* **What you have to do**:
Your copy should hold exactly the lines from the beginning of the listing below through the line with "散页美术资料(印刷品)———", without any pictures.

* **Data provided**:
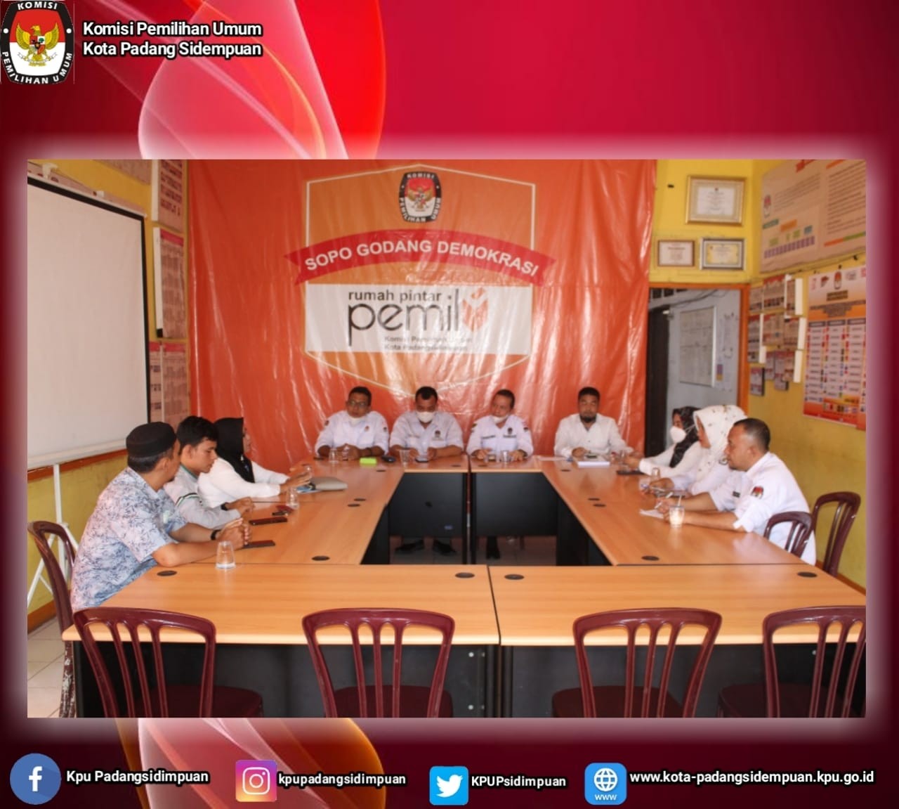 Ketua KPU Kota Padang Sidempuan Tagor Dumora Lubis bersama Ketua Divisi Hukum dan Pengawasan Ahmad Rasid, Ketua Divisi Teknis Penyelenggaraan Fadlyka Himmah Syahputera Harahap, Ketua Divisi Perencanaan dan Data Afwan Hasibuan, Sekretaris Deka Ria Murti Lubis, Kasubbag Teknis dan Hupmas Annur Rasyidah, Kasubbag Hukum dan Pengawasan Sahlan Basri, Kasubbag Keuangan Umum dan Logistik Sutan, Kasubbag Perencanaan dan Data Suryani Ramlah Siregar, menerima kunjungan dari DPD Partai Gelora Kota Padang Sidempuan dalam rangka Silaturrahmi, konsultasi dan koordinasi terkait Persiapan Partai Politik menyongsong Tahapan Pemilihan Umum Tahun 2024.
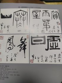 散页美术资料(印刷品)—————书画-——篆书小品四幅【黄苗子】,行书福寿诚【董寿平】,行书立轴【李苦禅】,行书立轴【毓嶦】,金鸡报晓【王震】2121
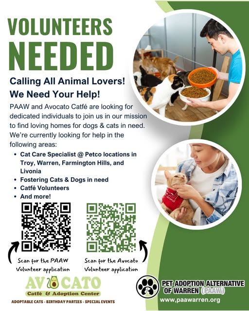 We need you to join our rescue crew. πͺ PAAW is looking for volunteers to help clean, care for, and socialize our adoptable kitties at our four Petco locations in Troy, Warren, Farmington Hills, and Livonia. π§Ήπ± Additionally, weβre always looking for fosters to give homeless cats and kittens a cozy place to crash while they wait for forever homes.
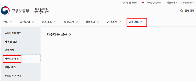 1. 고용노동부 사이트는 일하는 사람과 관련된 권리나 제도에 대해 쉽게 찾아볼 수 있도록 만든 공식 누리집입니다. 일자리, 근로조건, 퇴직금 같은 내용을 확인할 수 있어요. 퇴직금 관련 내용의 경우 이용안내의 자주하는 질문에서 관련 내용을 확인 할 수 있습니다.
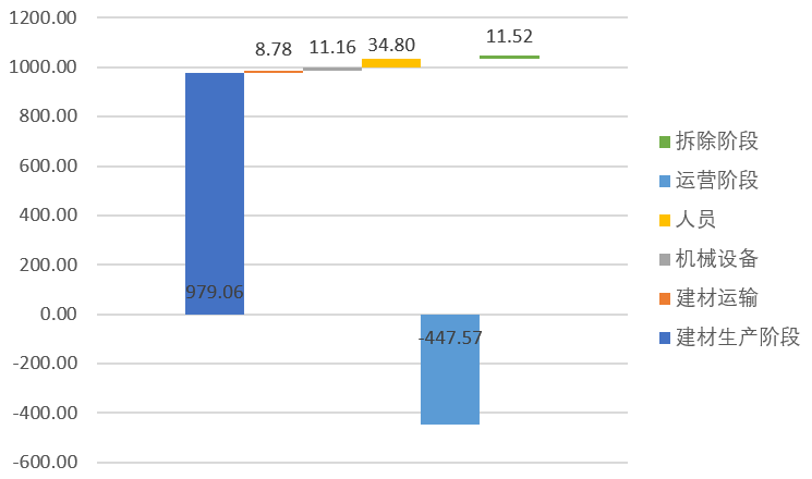 匯總以上計算結(jié)果,改造建筑全生命周期單位面積碳排放總量 C 為 597.75 kgCo2e/,如圖 6 所示。其中建材生產(chǎn)階段碳排放量 979.06kgCo2e/,占比93.66%;建材運輸階段碳排放量 8.78kgCo2e/,占比 0.84%;施工階段碳排放量 46.00kgCo2e/,占比4.40%;建筑拆除處置階段碳排放量 11.52 kgCo2e/,占比 1.10%。建筑運營階段碳排放量 -447.57 kgCo2e/。
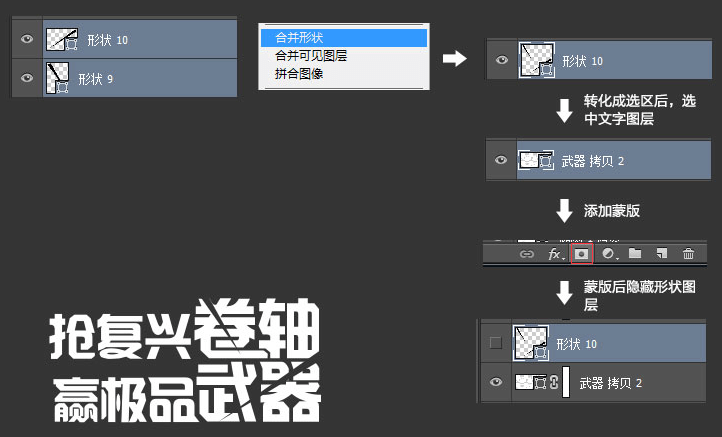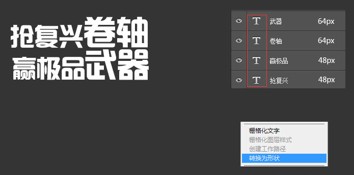 调整完成后,选中字体图层,右键选择“合并形状”,把4个字体形状图层合并成一个。
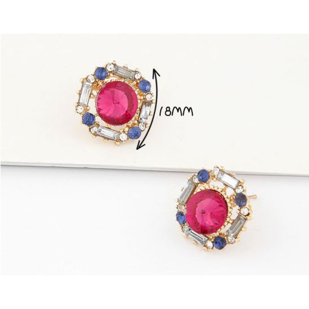 Designer stud earrings with a gorgeous plum centre stone. Surrounded by bling, these never fail to catch the eye.
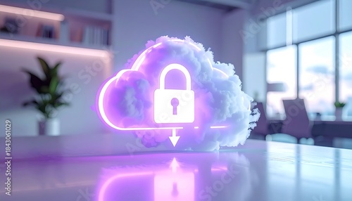 A glowing purple and white holographic cloud with a lock icon and arrow, symbolizing data security.
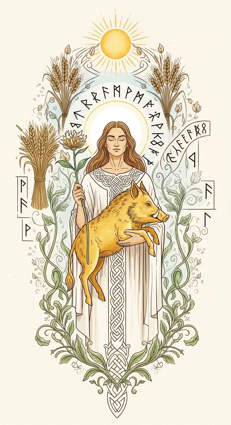 The design blends mythic reverence and intimate warmth: the boar and flowering stalk symbolize virility and renewal, grain and vines denote harvest and sustenance, and the sun and runes evoke guidance and blessing.
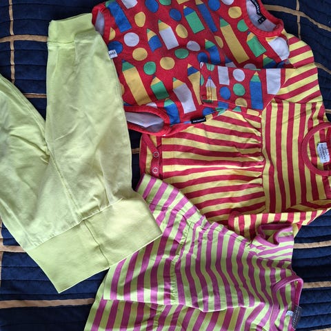 - Polarn o. Pyret tummansini-valkoraidalliset pitkähihainen paita ja leggingsit. Koko molemmissa 74. Hp. 16e
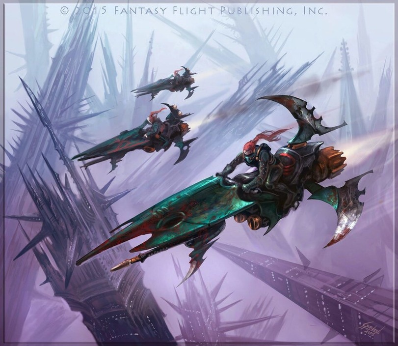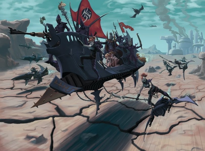 外出劫掠并不总是一本万利,成功自然是好处多多,但失败则可能让全团的人颜面扫地,所以黑暗灵族对软弱或愚蠢的领导者一贯保持着零容忍态度。当然, 如果你不想加入阴谋团给老板打工,也可以试着去巫灵教派或者血伶人协会碰碰运气, 两者同样是黑暗灵族社会的重要组成部分——巫灵教派负责通过角斗比赛为大众提供娱乐和美味的痛苦,血伶人则负责管理各种技术事物和对奴隶的日常折磨。对于规模较大的巫灵教派或血伶人协会来说,与阴谋团一起外出打劫是很常见的事情,甚至有时候干脆自己独立行动。
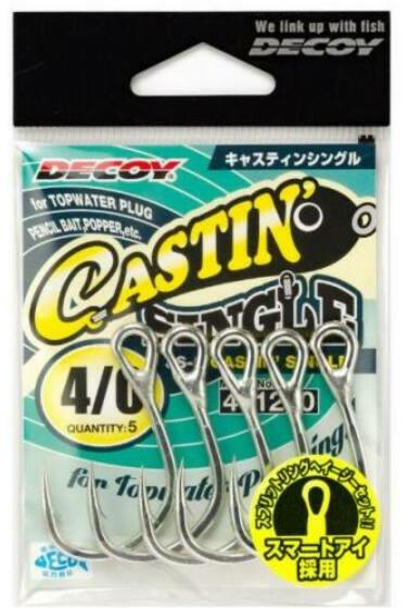 A Decoy JS-5 Castin Single egy speciális horog, széles, rövid szárral és rendkívül éles heggyel. A horgokat a felsővízi (felszíni) horgászathoz tervezték. Kovácsolt acélból készültek, és nikkelezett bevonatúak. Ezen kívül a hegyet egy speciális technológiával élezik, ami hosszú élettartamot biztosít, és korrózióálló is.
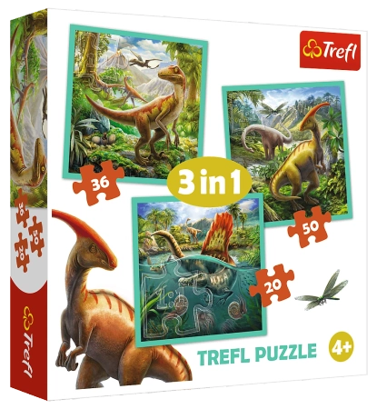 Trefl, Puzzle dla dzieci 3-w-1 Dinozaury 20-36-50 el.
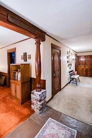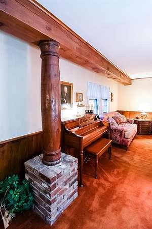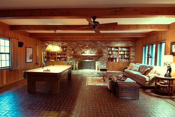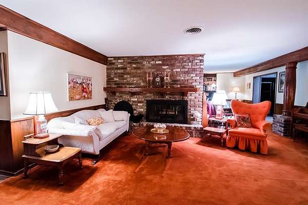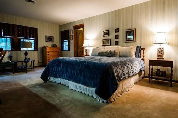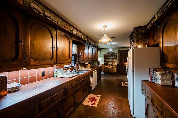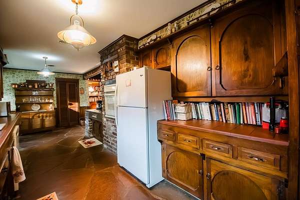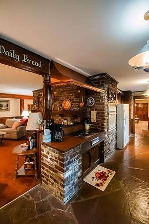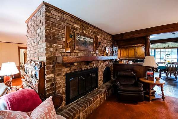 The kitchen wow factor: a natural rock floor, custom copper vent hood, soaking in rustic charm and real character. A double-sided brick fireplace makes cozy evenings feel effortless. Wet or muddy shoes? No worries--there's a roomy mudroom. Tons of storage, including a walk-in cedar closet that is fragrant, spacious, and perfect for organizing everything. Also has a basement for peace of mind during storm season, and lots of extra storage space. Step out to the deck in back, sit with your coffee, and watch deer or ducks edge toward your pond. It's a full nature scene, any day of the week. Whether you're entertaining or winding down, this home feels like a rural retreat with town convenience.

* **Task solution**:
 Ketua KPU Kota Padang Sidempuan Tagor Dumora Lubis bersama Ketua Divisi Hukum dan Pengawasan Ahmad Rasid, Ketua Divisi Teknis Penyelenggaraan Fadlyka Himmah Syahputera Harahap, Ketua Divisi Perencanaan dan Data Afwan Hasibuan, Sekretaris Deka Ria Murti Lubis, Kasubbag Teknis dan Hupmas Annur Rasyidah, Kasubbag Hukum dan Pengawasan Sahlan Basri, Kasubbag Keuangan Umum dan Logistik Sutan, Kasubbag Perencanaan dan Data Suryani Ramlah Siregar, menerima kunjungan dari DPD Partai Gelora Kota Padang Sidempuan dalam rangka Silaturrahmi, konsultasi dan koordinasi terkait Persiapan Partai Politik menyongsong Tahapan Pemilihan Umum Tahun 2024.
 散页美术资料(印刷品)—————书画-——篆书小品四幅【黄苗子】,行书福寿诚【董寿平】,行书立轴【李苦禅】,行书立轴【毓嶦】,金鸡报晓【王震】2121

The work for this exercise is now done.